# Barnes TEZ bullets/sabots?



## Huntin 4 More

I used to shoot powerbelts out of my cva kodiak magnum and with three 777 pellets it was a great load.  1" groups at 100 yards and 1.5" groups at 150 yards.  However, I never got passthroughs on deer or hogs, no blood trail and almost lost a buck to the coyotes when it took two hours to find him.

I tried the hornadys last year but the best I could get was 2" groups so this year I've been trying the Barnes TMZ bullets and I've been getting 1.25" groups which is good enough.  However, they are a b12c& to load.  I noticed Barnes has a TEZ bullet which is supposed to be easier to load in tight barrels than the TMZ.  Has anyone tried them and how was the performance compared to the TMZ?

Thanks.


----------



## mi.sabot

Hello from Michigan.  

Here's a post I put out on another forum the other day:

Found the honey load for my Sidekick last week after some time, effort and a LITTLE LUCK.

Had been shooting 250 gr TC EZglides over 85 gr of loose 777 with great accuracy.
Even though the accuracy was still there in the field, I was less than impressed on how they performed on game.

So I decided to spend some time at the range to find a better alternative.
I'm a real fan of Barnes bullets, so I headed out with some 250 gr MZ's and TMZ's.
I was also hoping to find a load of something more than 85gr without sacrificing accuracy.
But every time I bumped it up to 90 grains the pattern would open up.
Same thing happened when I tried 90 grains and the original TC's, pattern opened up again.

Somewhat frustrated, I decided i'd try one more time and bought some Barnes T-EZ's.
Back to the range and started with 90 gr.  Same thing. Just didn't pattern the way I'd like it to.

Now very frustrated, just for the heck of it I dumped in 100 gr of 777 and let the T-EZ fly.
After the smoke cleared I was pleased with the result.
Well let's try it again and see if it was a fluke or if I was on to something here.
_At 75 yds, the next 3 shots printed within a 1/2" of each other and blew the center of the target out._
Put it away, good to go, maybe we'll tinker some more next year.

Now to answer your questions:

Are they easier to load than the TMZ's? Yes, not as easy as the TC EZglides but defintely a WHOLE LOT easier than the TMZs.  There's a nice steady resistance loading the sabot without anywhere near the amount of force required in loading the TMZs.  Keep in mind every barrel is different though.

How was performance compared to the TMZs? With 90gr of 777 it was comparable.  With a 100gr of 777 it was lights out.  Not truly a fair comparison in that I did not test the TMZs over 100gr of powder and quite honestly don't intend to with the results of the T-EZs and their relative ease in loading.

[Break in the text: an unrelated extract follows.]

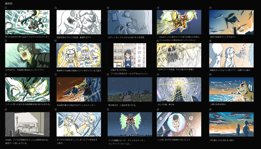 プロットのやりとりの中で、「映画で戦うアニメ」をコンセプトに据え、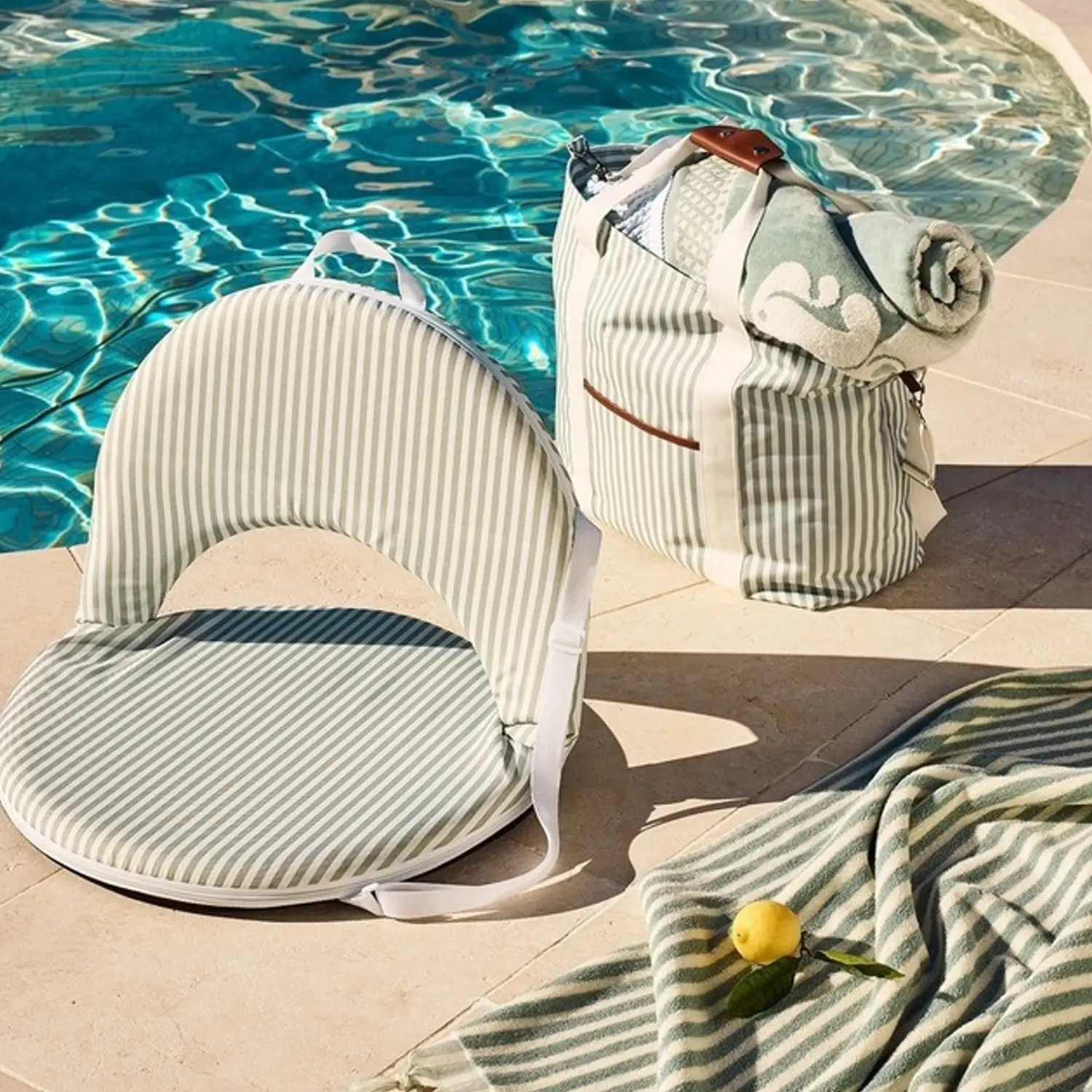 Immerse yourself in luxury and style with our Round Cushion Recliner in Marco Pinstripe. This chair is designed to be your ultimate beach companion, blending classic elegance with modern functionality. With multiple reclining positions, you can find the perfect angle for lounging or reading.

Lesson learned: sometimes more powder is better, other times it's not.
Just gotta find what your gun likes.
Good luck.  Hope this helped.


----------



## snuffy

I use and love the Barnes Expander MZ in my Lyman Great Planes Hunter. That is what is down my barrel for the first shot, but I keep PowerBelt bullets in my speed loaders.
I don’t think I could load the Barnes without swabbing my barrel, but the PowerBelt still loads easy for a fast reload.


----------



## mi.sabot

Had a similar plan in place before I tried theT-EZs.
Stuff a TMZ for the first shot and then load a TC EZglide for the second if necessary.


----------



## Huntin 4 More

Thanks guys.  I'm going to try them.  I just broke my ramrod last week trying to load a TMZ.  They shoot good but a pain in the butt.


----------



## mi.sabot

Read somewhere that if it takes that much force to load the sabot there's a good chance of canting the bullet in the barrel. 
In other words, if the bullet ain't sitting straight, it ain't going to shoot straight.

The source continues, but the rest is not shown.